_Problem requirements:_ Return the stretch from the line with "① 根据《广东省土地利用总体" through the line with "This 22kt kundan" in the data below, character for character, skipping all pictures.

_Data shown:_
*****
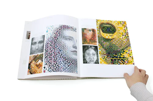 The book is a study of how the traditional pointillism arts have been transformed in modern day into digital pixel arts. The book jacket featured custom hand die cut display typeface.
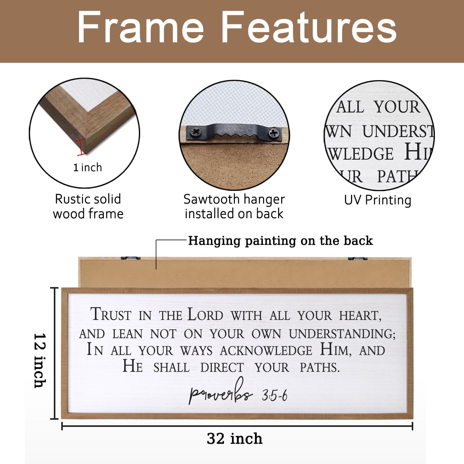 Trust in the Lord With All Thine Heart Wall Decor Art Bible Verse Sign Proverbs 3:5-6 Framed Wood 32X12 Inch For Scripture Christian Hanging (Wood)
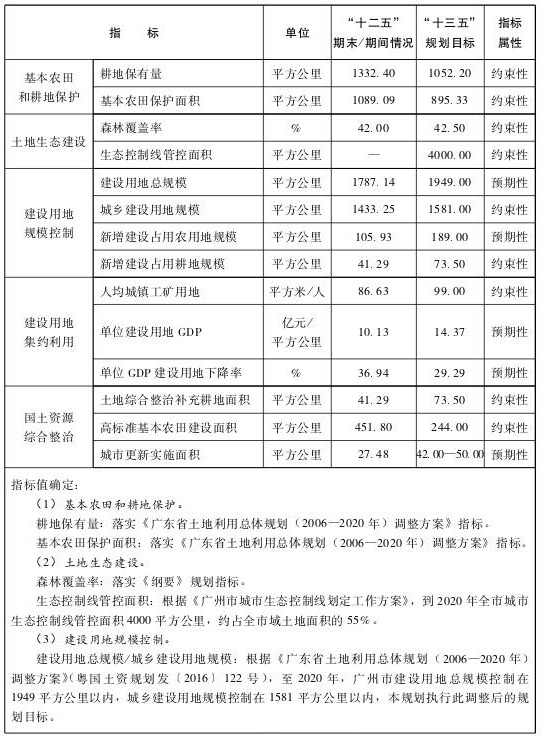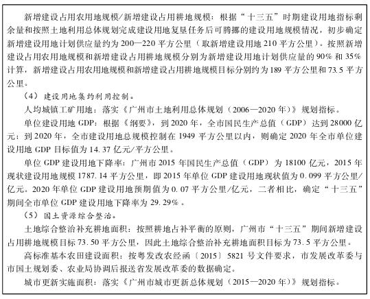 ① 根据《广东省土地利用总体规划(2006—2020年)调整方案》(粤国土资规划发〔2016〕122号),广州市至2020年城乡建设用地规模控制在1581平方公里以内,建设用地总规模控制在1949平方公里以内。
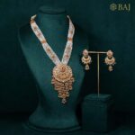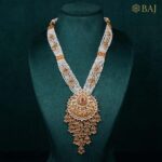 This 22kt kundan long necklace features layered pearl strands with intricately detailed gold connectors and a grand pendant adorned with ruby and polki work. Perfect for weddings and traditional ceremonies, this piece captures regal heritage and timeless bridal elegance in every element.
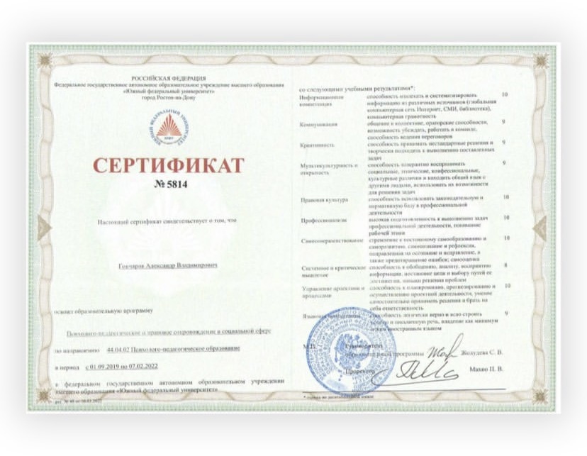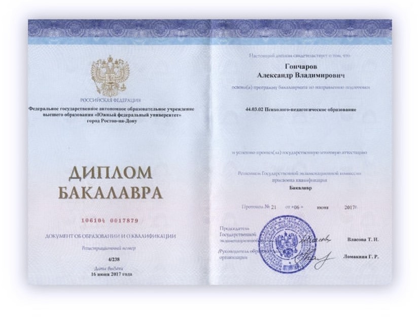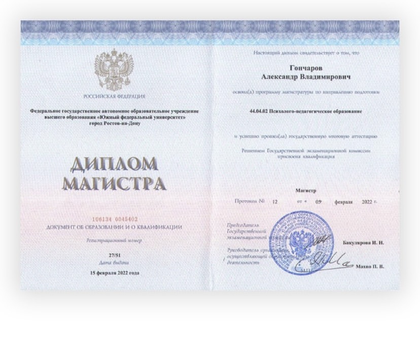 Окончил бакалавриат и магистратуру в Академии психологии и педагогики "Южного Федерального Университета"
*****
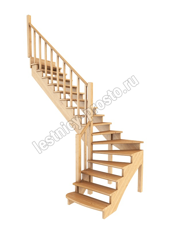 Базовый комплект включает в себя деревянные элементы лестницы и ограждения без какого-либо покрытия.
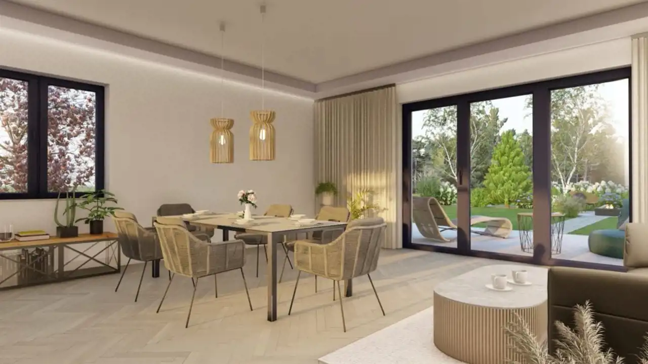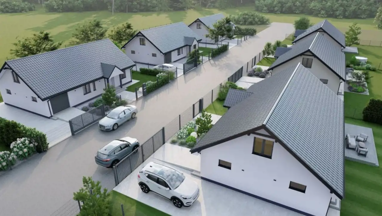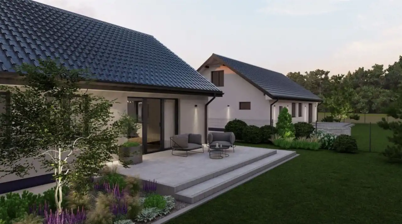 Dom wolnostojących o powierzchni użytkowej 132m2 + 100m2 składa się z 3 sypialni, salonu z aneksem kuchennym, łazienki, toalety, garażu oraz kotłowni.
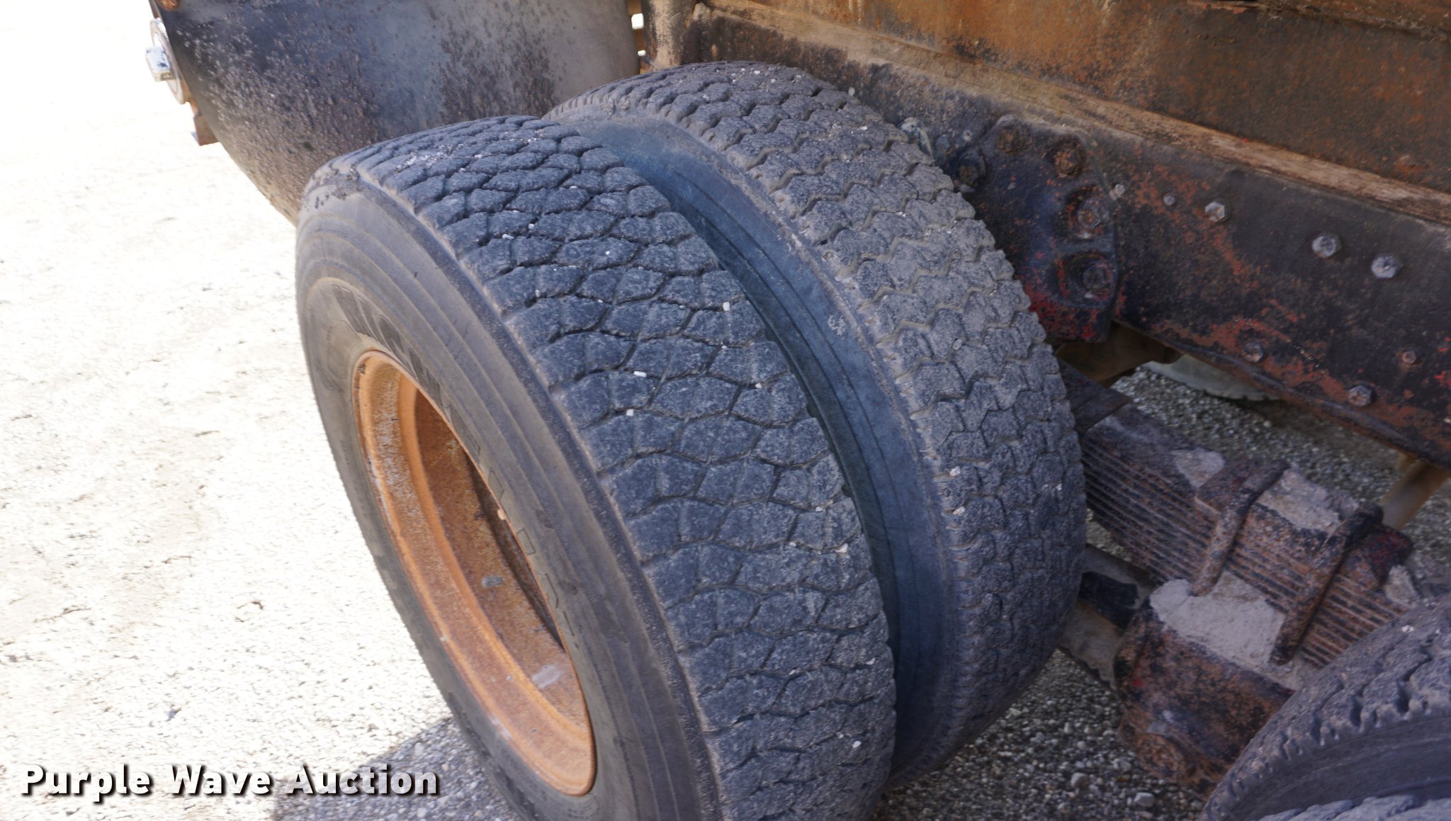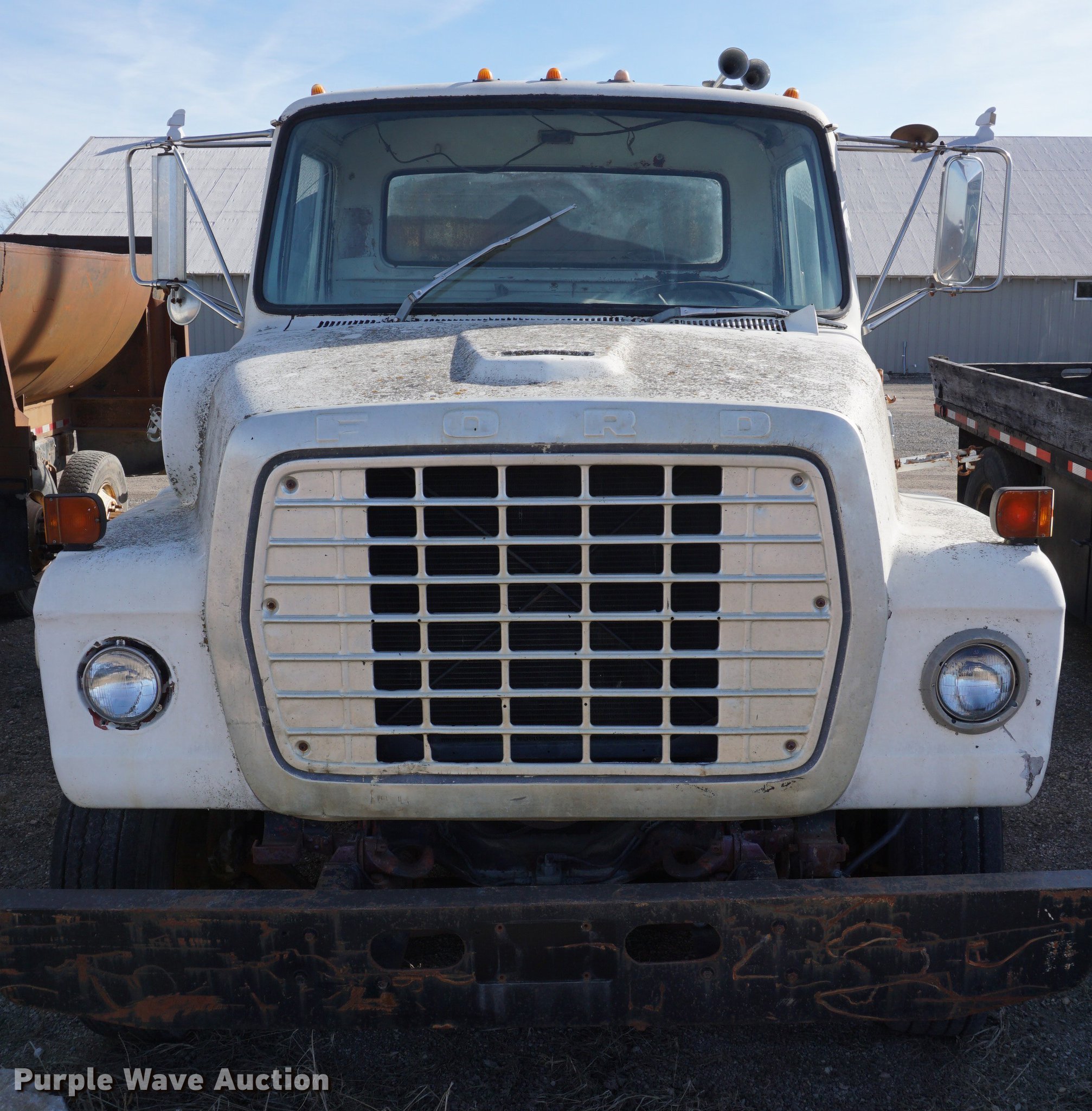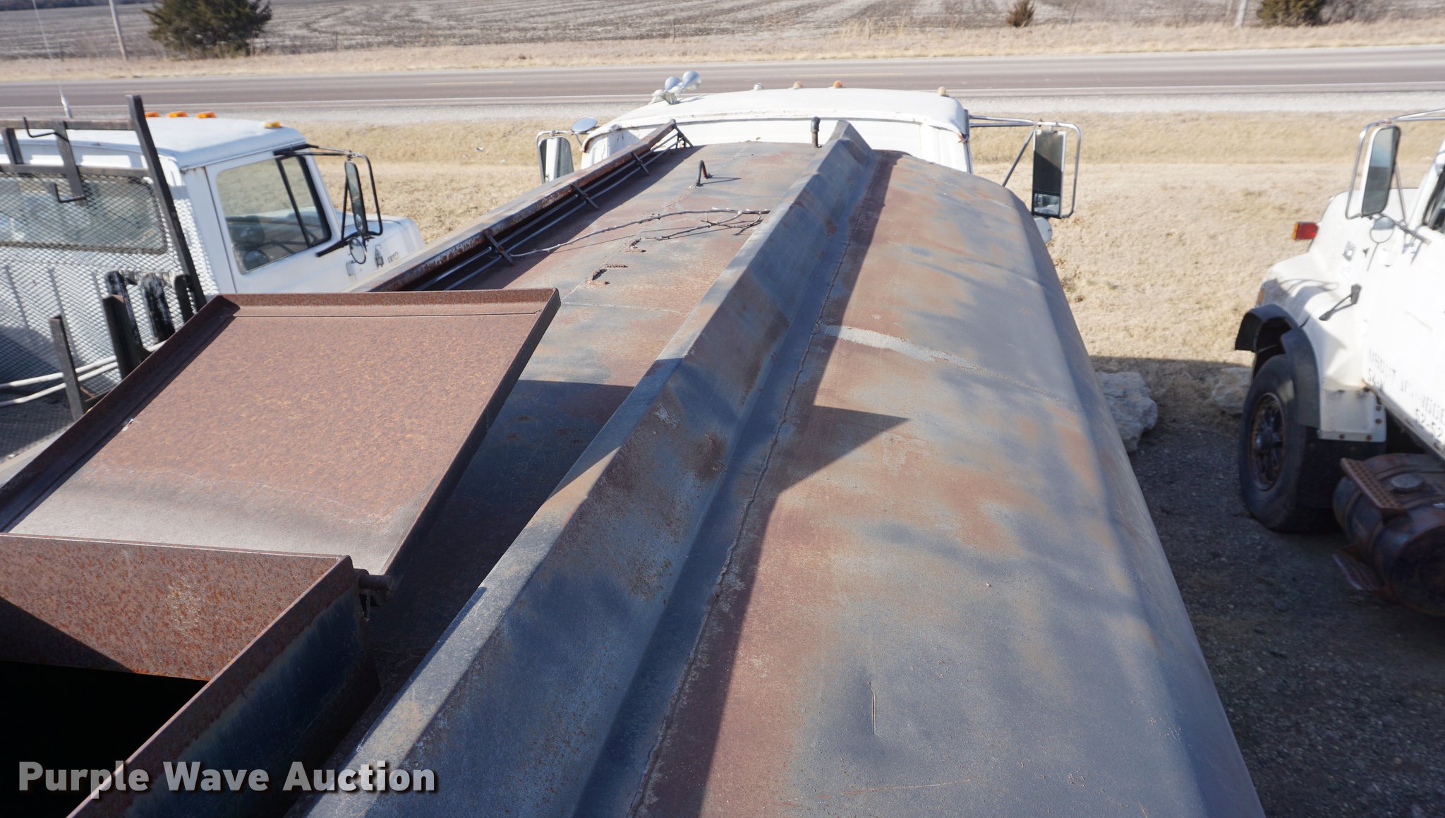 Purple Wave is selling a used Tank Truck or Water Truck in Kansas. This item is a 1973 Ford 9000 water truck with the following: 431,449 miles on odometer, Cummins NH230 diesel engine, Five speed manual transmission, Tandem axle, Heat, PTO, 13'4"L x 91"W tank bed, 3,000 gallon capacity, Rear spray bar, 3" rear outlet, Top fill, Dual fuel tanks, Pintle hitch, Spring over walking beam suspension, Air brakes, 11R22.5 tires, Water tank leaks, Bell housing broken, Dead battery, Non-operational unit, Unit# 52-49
*****
_Answer to this problem:_
 ① 根据《广东省土地利用总体规划(2006—2020年)调整方案》(粤国土资规划发〔2016〕122号),广州市至2020年城乡建设用地规模控制在1581平方公里以内,建设用地总规模控制在1949平方公里以内。
 This 22kt kundan long necklace features layered pearl strands with intricately detailed gold connectors and a grand pendant adorned with ruby and polki work. Perfect for weddings and traditional ceremonies, this piece captures regal heritage and timeless bridal elegance in every element.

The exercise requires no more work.